Shareholder derivative action to be able to seek the company external judicial power of correction and optimization of the structure of corporate governance, the balance controlling shareholder and minority shareholders of both forces, strengthen the supervision of the directors, managers and other personnel in the leadership of the company directors, supervisors and senior management The power to form a real and effective constraints and supervision activities, to create shareholder derivative litigation system is necessary in our country. However, since the promulgation and implementation of a new leaf "Company Law", the shareholders filed derivative lawsuits rarely occur, because the very huge litigation costs faced by the shareholders to start the program, in favor of the benefit of the company. That is because the true shareholder derivative litigation oversight procedures need to be mobilized incentives. Even if the United States is such a "good v. country, this is also the same attention. Such as law, shareholder derivative litigation in favor of the entire class of human or entities where he and others benefit, then the plaintiff's reasonable legal fees can be extracted from the compensation. "China's" Company Law " shareholder derivative litigation systems in some provisions, but the lack of incentives sue shareholders, result in practice ineffective, should the following aspects perfect.
1. Plaintiff shareholders directly for repayment of
Shareholder derivative litigation results in accordance with the Companies Act theory, attributed to the company, but, in some cases, in favor of the plaintiff, the damages in order to be able to make real benefit shareholders of the no-fault and other interests of the creditors of the company and the company does not infringe under the premise of relevant interests, in favor of the shareholders in proportion to their holdings in favor of the interests of the income distribution provisions enjoy direct repayment.

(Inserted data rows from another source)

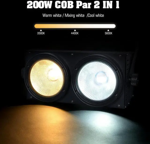 Various Scenarios: LED par lights can be easily installed on the ground, walls, or trusses, making it suitable for a wide range of indoor and outdoor settings, including stage performances, DJ setups, Photostudio, weddings, parties, and morefalse- High-Power Light Source & High CRI: This is a brand-new 200W high-power LED stage spotlight, with a CRI greater than 92, and three adjustable color temperatures and brightness in warm white (3500K), cool white (5600K), and mixed white (4400K). The light source output is stable, and the color is pure, creating perfect color-washing effects for events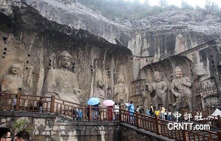 两岸记者参访龙门石窟卢舍那大像龛(图:孙仪威 中评社)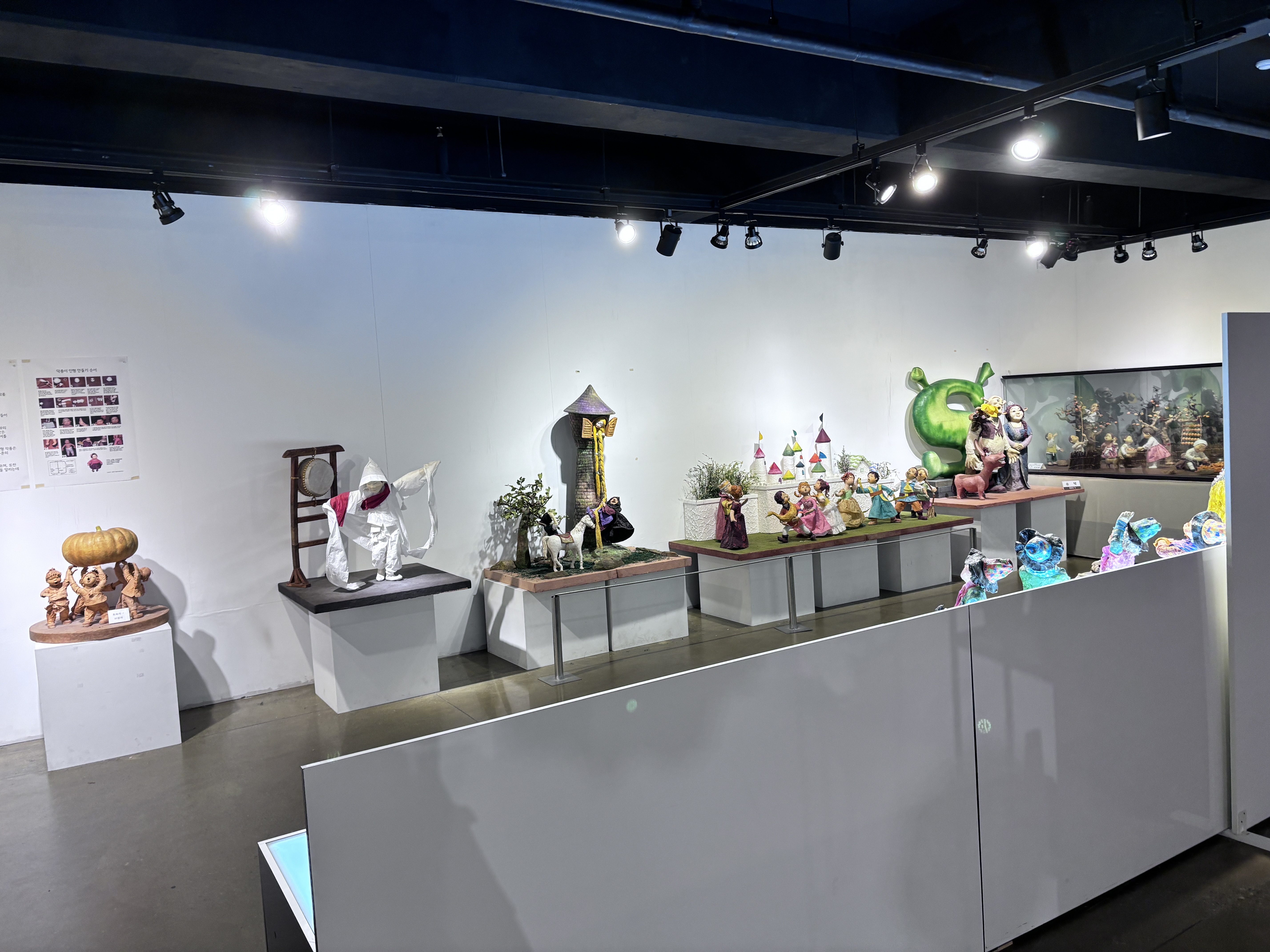 내려가보니 종이로 접은 피규어 같은게 많았어요. 아이들 눈높이에서 종이접기를 흥미롭게 바라볼 수 있을 것 같았어요. 그리고 안쪽엔 닥종이로 만든 닥종이 인형마을이 있었어요. 옛날 사람들이 지내는 마을 풍경을 닥종이로 만들어 전시해 놓아 아이들과 재미있게 이야기 나누며 보았답니다.
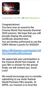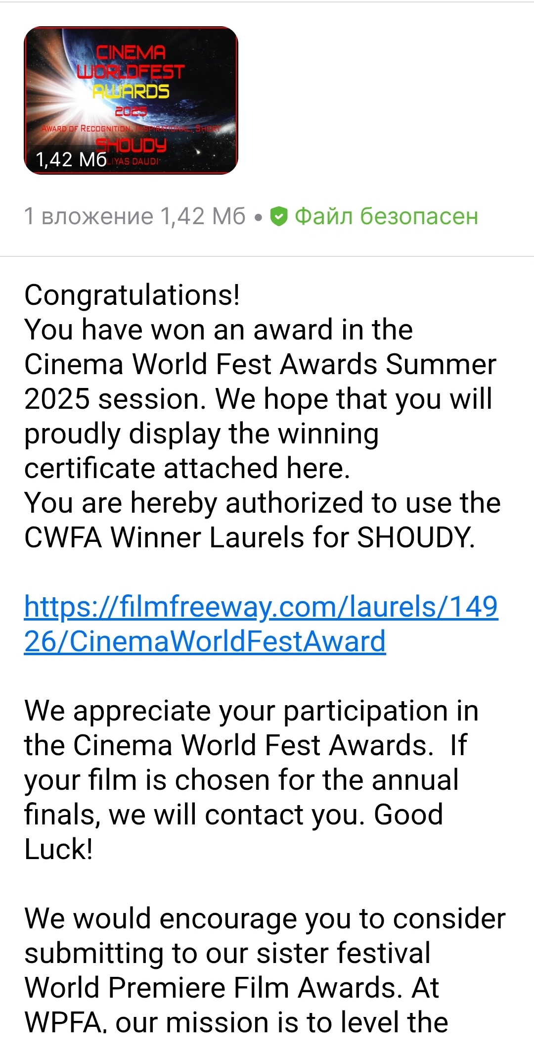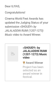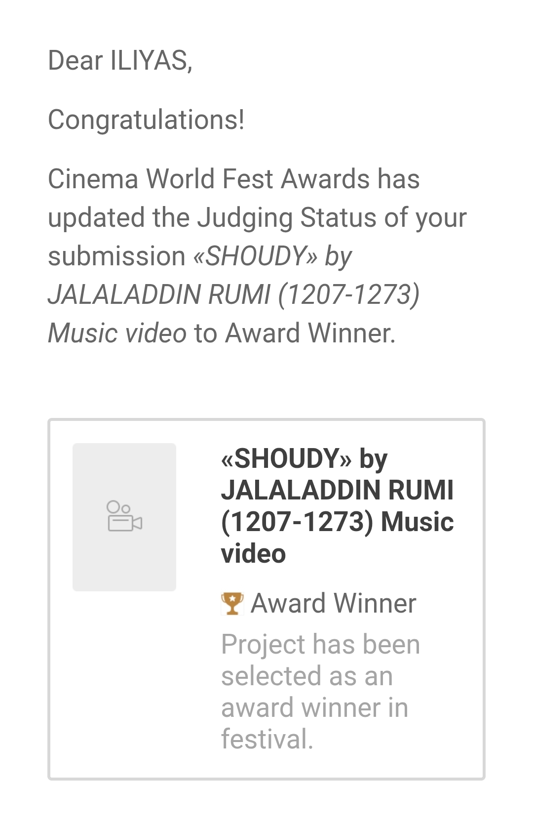 Лос-Анджелес, Калифорния, США 30.09.2025 — Международный кинофестиваль «Cinema WorldFest Film Awards» подвёл итоги. Музыкальное видео «SHOUDY by JALALADDIN RUMI (1207-1273)» https://filmfreeway.com/projects/3826312 с участием студентов актёрского факультета, мастерская Фархада Махмудова — Ёсуман Исмаиловой и Шахриёра Гулмахмадзада, входящее в «Трилогию «ПОСВЯЩЕНИЕ Джалаладдину Руми (1207-1273)» (eng. «DEDICATION» to JALALADDIN RUMI (1207-1273) trilogy Music video),пополнило список трофеев — Первым местом в номинации.

Otherwise, even if well-intentioned shareholder litigation, there is likely to reach the litigation purposes, because the shareholder derivative action is internal misuse of company property. At this point, the favor of the benefit of the company, will enable recovery after the property is under the control of the internal human again. And derived litigation innocent shareholders and shareholders fault. The favor of the interests of due entirely to the company, the shareholders fault and no fault of shareholder equality and the repayment of debt situation, even the defendant against the interests of the company shareholders instead its own pay compensation benefit This is undoubtedly unfair, contrary to shareholder derivative litigation system was originally designed. 2 in favor of the plaintiff litigation costs compensation provisions
According to China's Civil Procedure Law ", in favor of the plaintiff only require the defendant to pay the legal costs of litigation prepaid. As for the attorneys 'fees, investigation fees, other costs will still be borne by the plaintiff, shareholder derivative litigation attorneys' fees are usually higher, in this case, and no doubt will hit shareholders sue enthusiasm. The cost of the huge litigation costs, to shareholders in terms of the lack of incentives; Moreover, litigation costs borne by the individual plaintiff shareholders, but in favor of the result is shared by all the shareholders, shareholders sue is also difficult psychological balance. This problem is not solved, will be difficult to play the role of the shareholder derivative litigation system. In order to protect the interests of the plaintiff shareholders, to avoid personally assume all risk of litigation and to enhance shareholder filed a derivative action actively, it is necessary to give its litigation costs compensation claims.